Records shown >>

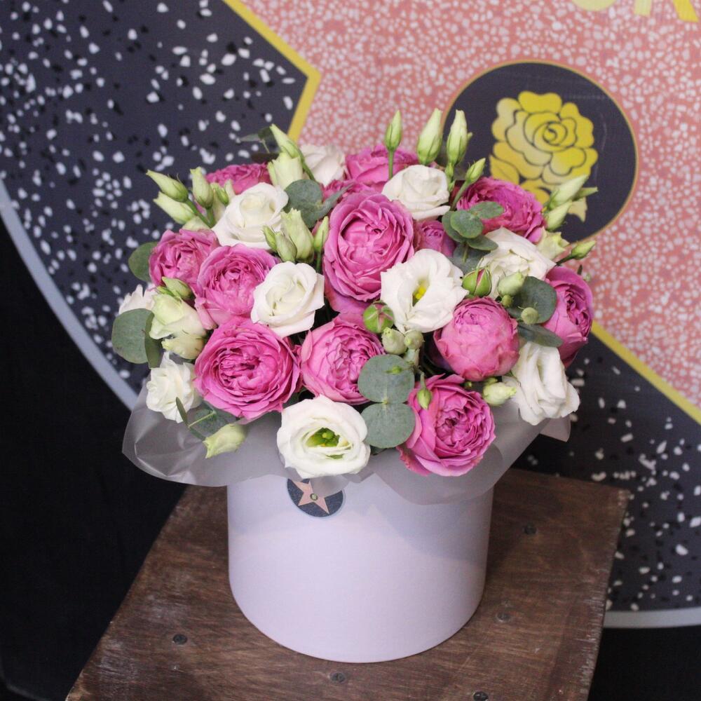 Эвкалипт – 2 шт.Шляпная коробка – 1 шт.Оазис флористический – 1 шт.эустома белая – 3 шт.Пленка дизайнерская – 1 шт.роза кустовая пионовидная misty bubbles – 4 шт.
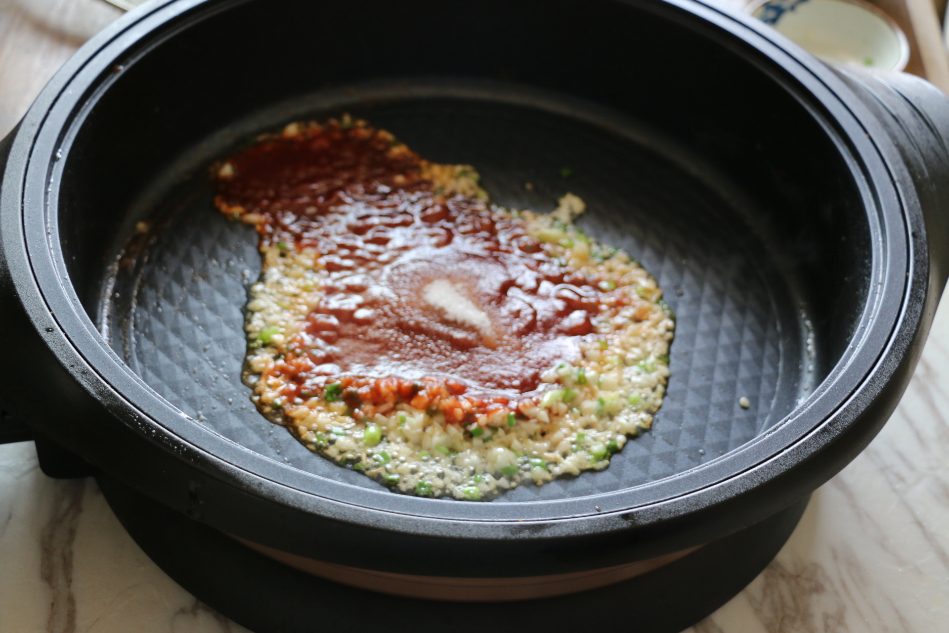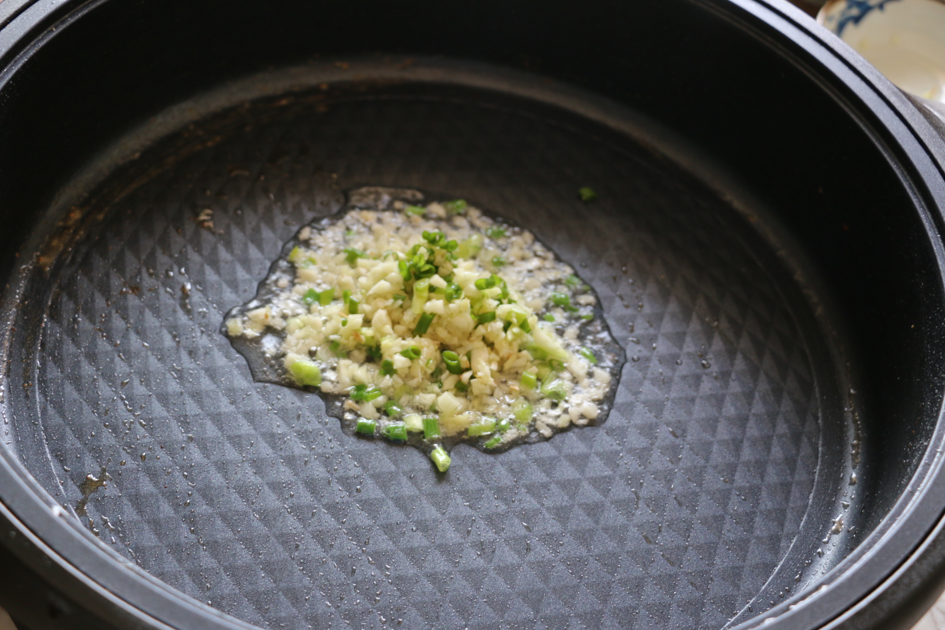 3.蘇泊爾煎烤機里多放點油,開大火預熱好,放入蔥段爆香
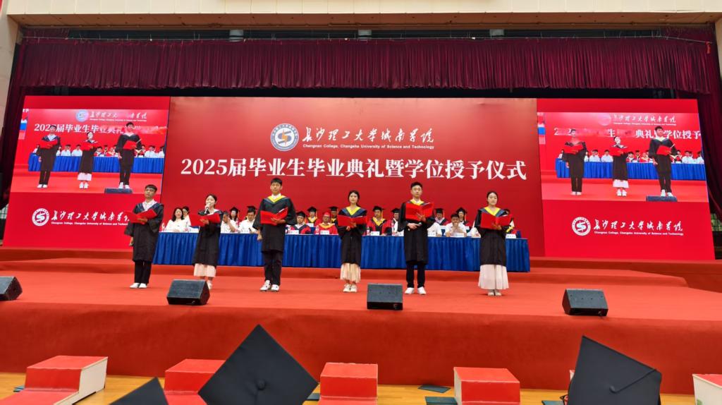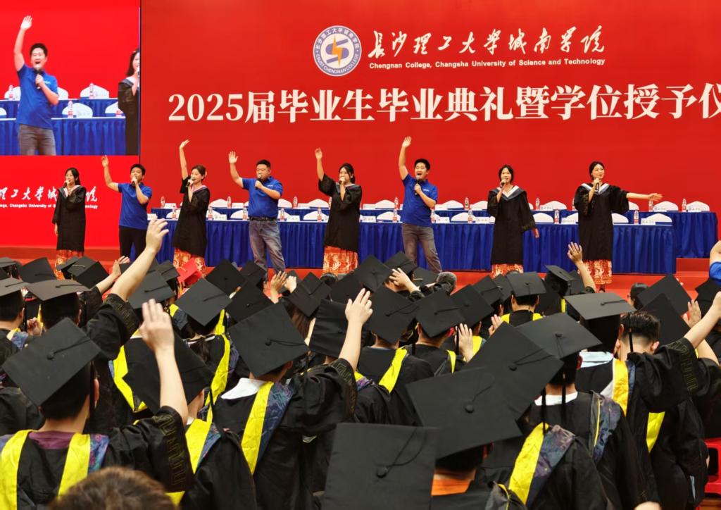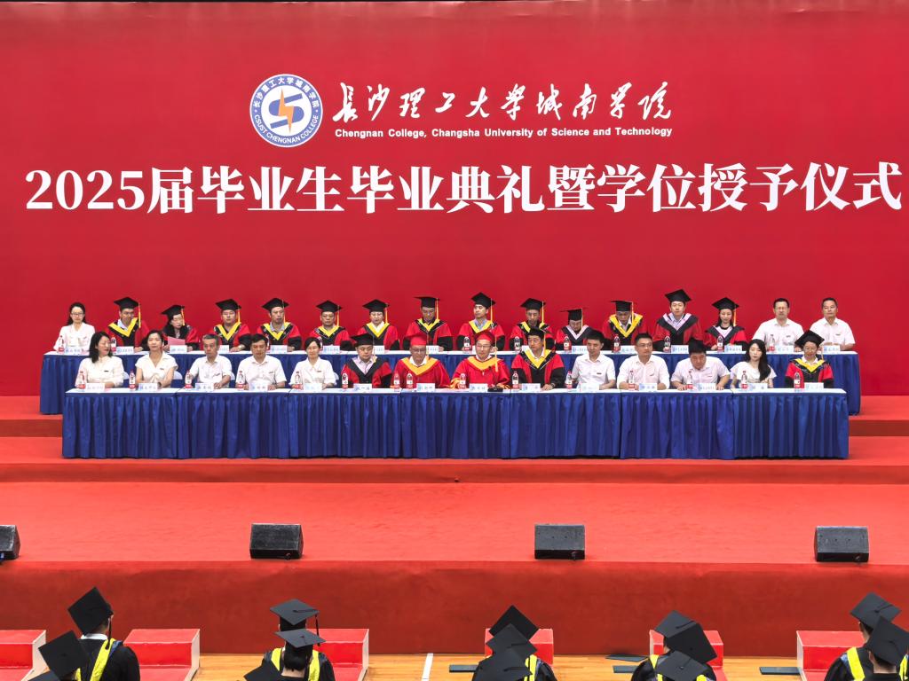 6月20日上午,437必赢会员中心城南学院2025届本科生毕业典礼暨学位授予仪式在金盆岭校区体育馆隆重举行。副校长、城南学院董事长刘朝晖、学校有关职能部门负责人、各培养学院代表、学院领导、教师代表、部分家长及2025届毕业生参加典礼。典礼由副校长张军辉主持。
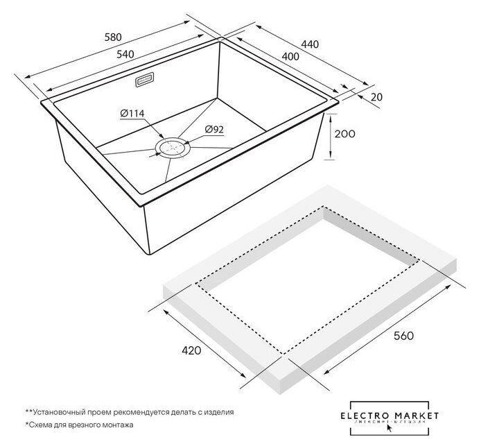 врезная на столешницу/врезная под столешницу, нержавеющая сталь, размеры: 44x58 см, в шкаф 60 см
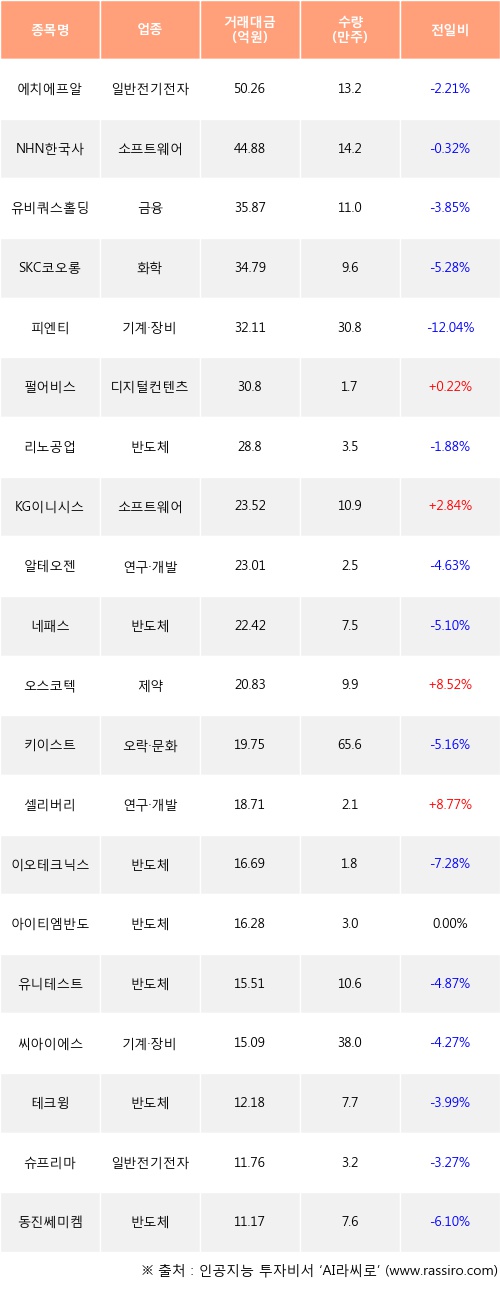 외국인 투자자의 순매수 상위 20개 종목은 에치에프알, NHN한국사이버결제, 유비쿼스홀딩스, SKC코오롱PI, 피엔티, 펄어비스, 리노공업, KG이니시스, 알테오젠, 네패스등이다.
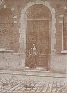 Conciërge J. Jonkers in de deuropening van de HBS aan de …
--
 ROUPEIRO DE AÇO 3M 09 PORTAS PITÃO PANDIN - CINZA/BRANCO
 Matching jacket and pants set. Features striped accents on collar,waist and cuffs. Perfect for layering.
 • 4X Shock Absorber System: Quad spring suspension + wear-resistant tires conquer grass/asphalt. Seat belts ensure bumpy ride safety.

Problem to solve >> Please give an exact copy of the entries above, from the line with "Matching jacket and" down to the line with "bumpy ride safety.", inclusive, and nothing else.

Your response >>
 Matching jacket and pants set. Features striped accents on collar,waist and cuffs. Perfect for layering.
 • 4X Shock Absorber System: Quad spring suspension + wear-resistant tires conquer grass/asphalt. Seat belts ensure bumpy ride safety.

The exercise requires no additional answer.